Lattice objects may be constructed to contain the local portion of a distribued array of any tensor type. For performance reasons the tensor type uses a vector Real or Complex as the fundamental datum.

Every lattice requires a GridBase object pointer to be provided in its constructor. Memory is allocated at construction time. If a Lattice is passed a RedBlack grid, it allocates half the storage of the full grid, and may either store the red or black checkerboard. The Lattice object will automatically track through assignments which checkerboard it refers to. For example, shifting a Even checkerboard by an odd distance produces an Odd result field.

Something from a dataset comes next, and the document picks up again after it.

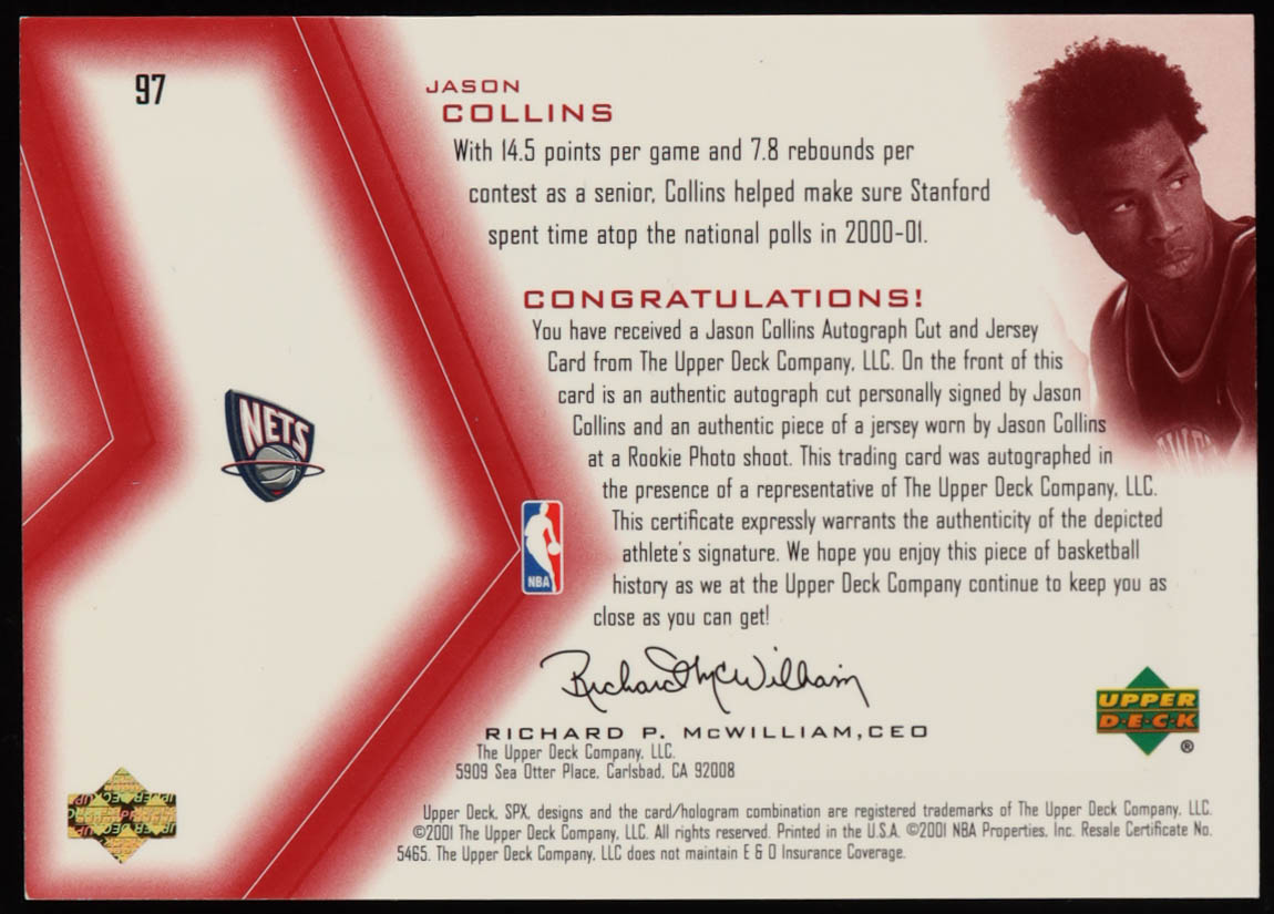 Jason Collins 2001-02 SPx #97A JSY AU RC #799/800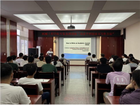 8月28日下午,机械工程学院邀请英国利物浦约翰摩尔斯大学张广明教授作了题为“高水平科技论文写作方法”的专题讲座。机械工程学院副院长赵栓峰教授和博士硕士研究生共100余人参加。讲座由副院长毛清华教授主持。

Struct of array objects are defined, and used in the template parameters to the lattice class.

Example (lib/qcd/QCD.h):

       template<typename vtype> using iSpinMatrix = iScalar<iMatrix<iScalar<vtype>, Ns> >;
       typedef iSpinMatrix<ComplexF>           SpinMatrixF; //scalar
       typedef iSpinMatrix<vComplexF>          vSpinMatrixF;//vectorised
       typedef Lattice<vSpinMatrixF>           LatticeSpinMatrixF;

The full range of QCD relevant lattice objects is given below.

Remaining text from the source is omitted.